活動事例

活動事例
【事例紹介】~行政と共に~ 生きる力「65歳からのピアノ講座」

全国生涯学習音楽指導員協議会茨城支部会員
MUSAピアノクラブ代表 平川昭子さん

■活動テーマ  ~行政と共に~ 生きる力「65歳からのピアノ講座」
初Concert ~ピアノ講座から2年目 第13期生~
■日時:2003年から現在
■場所:取手市公民館視聴覚室
■対象:65歳以上

■活動内容

1.動機

20年前、ピアノの指導者として今後の活動の方向性を考え始めていた頃、日本はすでに高齢化社会に入っていました。マスメディアでは『ボケ防止、認知症予防』という言葉が多く露出され、その後『介護』、そして昨今では『未病』という言葉も多く耳にします。

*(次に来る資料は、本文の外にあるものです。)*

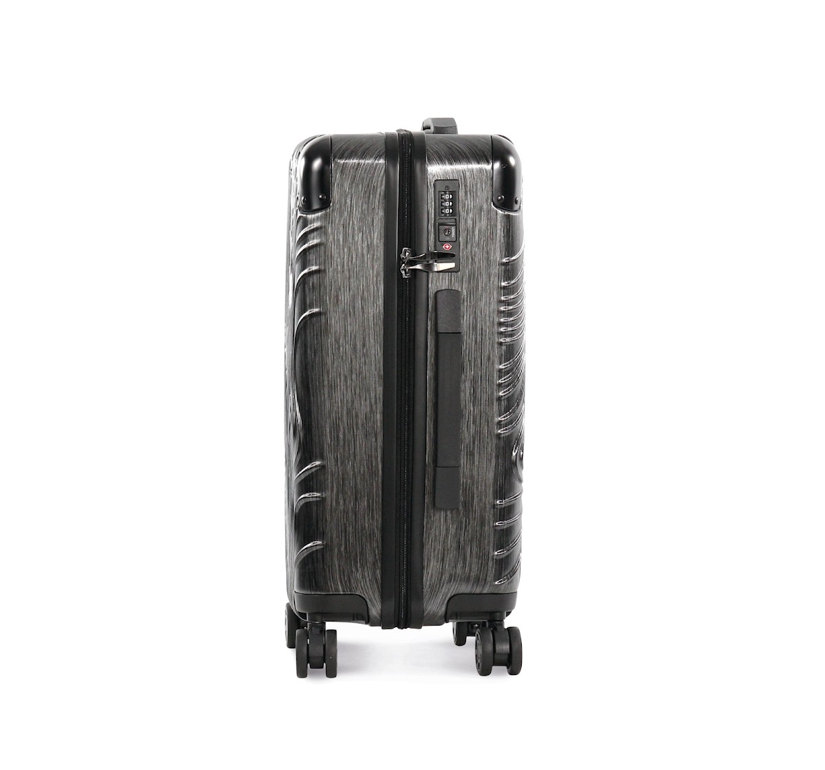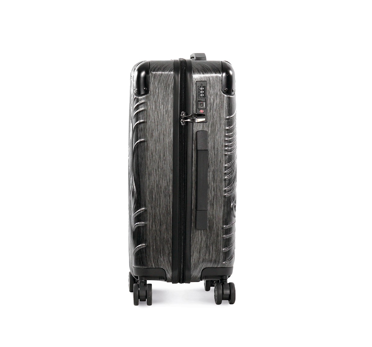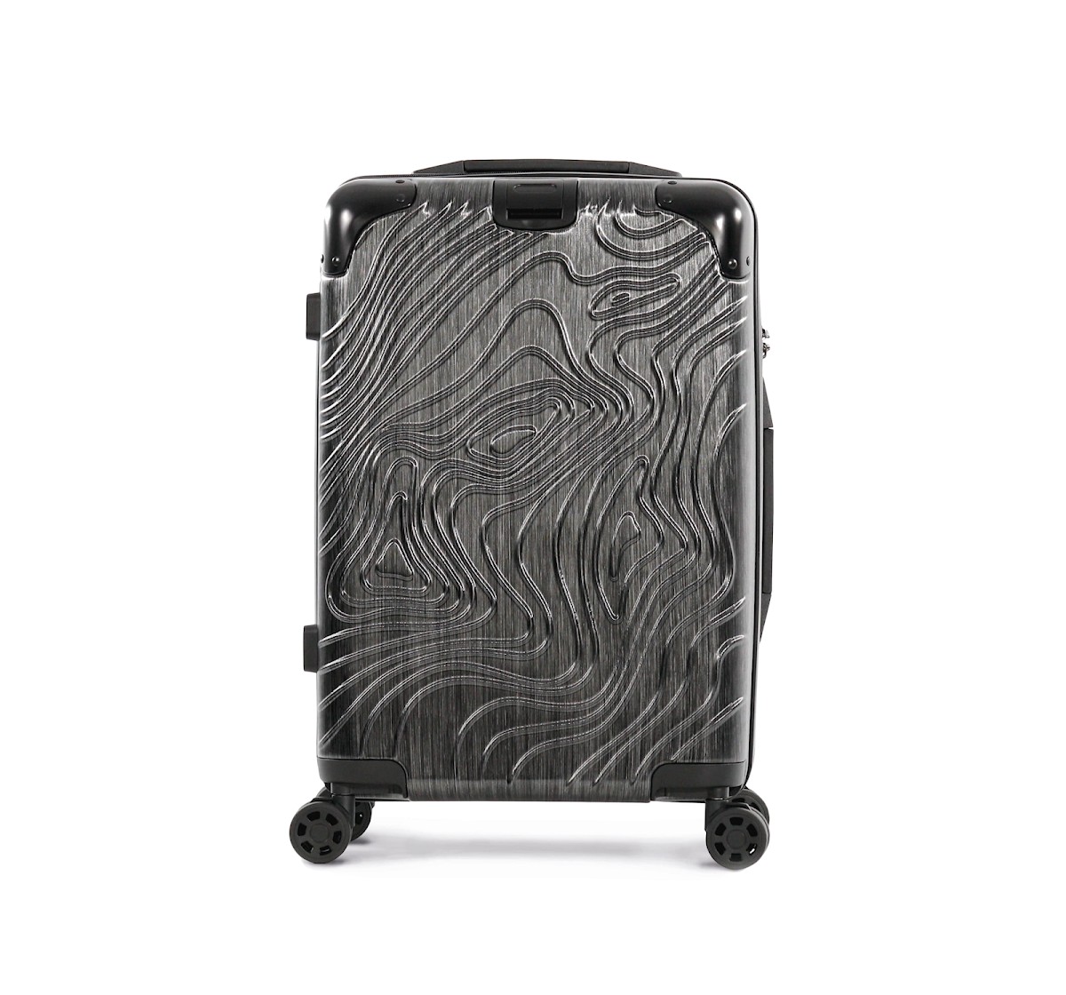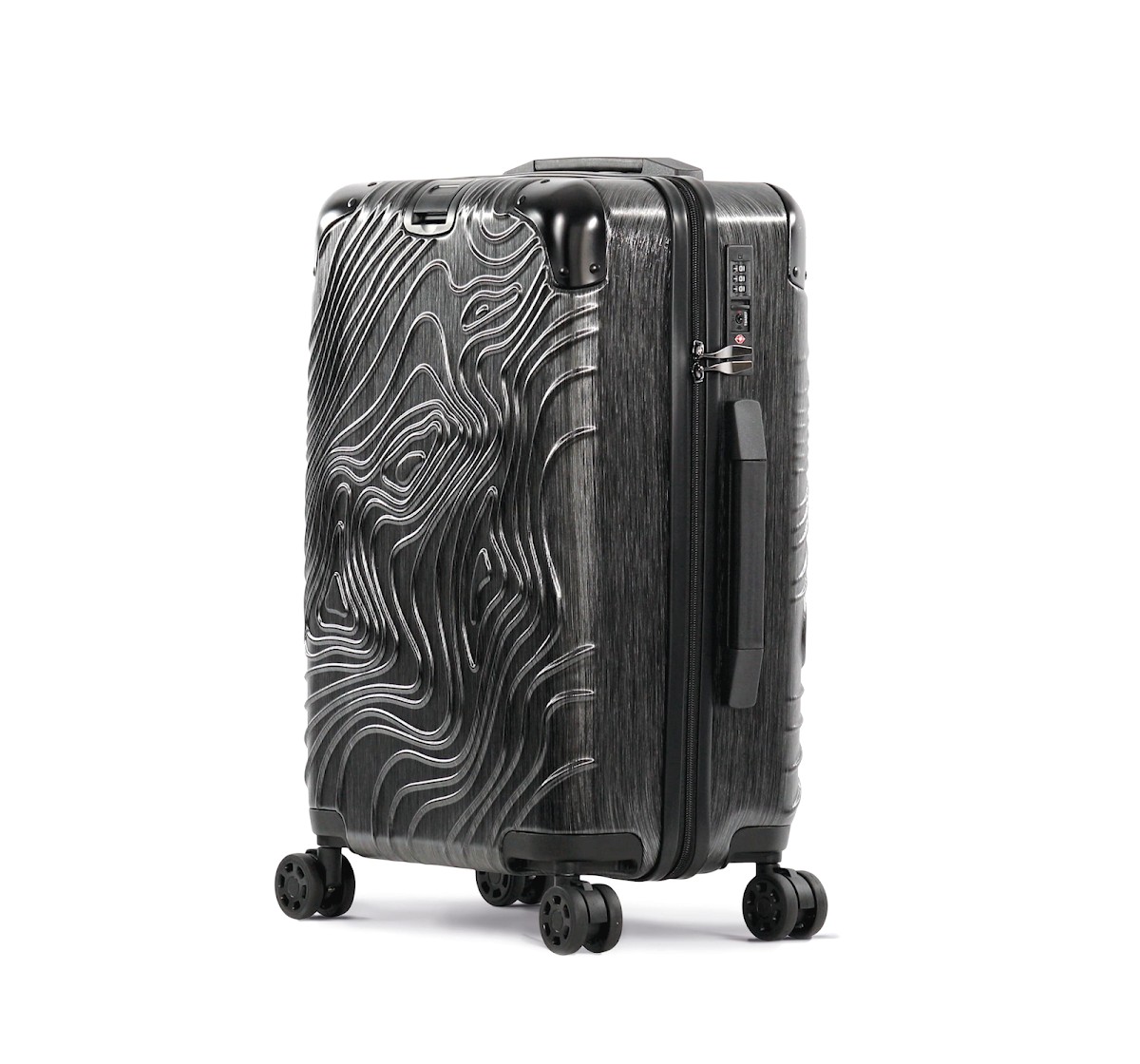 100% polycarbonate. Trolley taille cabine. Imaginé avec un design original représentant les reliefs du Pic de l'Aneto dans les Pyrénées, ce trolley en aluminium est doté de 4 roues multidirectionnelles et de pieds de protection latéraux pour poser la valise sur le côté. Les angles sont réalisés en matériaux en caoutchouc pour une meilleure protection. Pour plus de confort il comporte : une poignée supérieure extensible et une poignée sur le côté, une sangle rétractable sur le devant pour accrocher et transporter une sacoche porte document, deux compartiments internes dont un avec une sangle de maintien et un autre avec une fermeture glissière et poches pour accessoires. Pour votre sécurité, ce trolley est équipé d'une fermeture par TSA par combinaison.

いずれも『予防』が必要であるとの事、そこで私は「音楽の力で何かお役に立てることがあるのではないか?」と考え、2002年取手市(旧藤代町)生涯学習課に「熟年のためのピアノ講座」の企画を提案しました。

幸いにも市にこの企画を承諾していただき、市の「事業講座」として開講してから今年で18年目を迎えました。

2.企画の趣旨

65歳を過ぎると「2重行動」が段々難しくなるといわれます。ピアノを演奏するには目で五線や鍵盤を見て脳でキャッチし手に伝えます。

経験を積むと音符や記号が増え、豊かな演奏表現を作るためにはペダルを使うのが効果的です。これらの事によりさらに1度に複合的な動作が必要となります。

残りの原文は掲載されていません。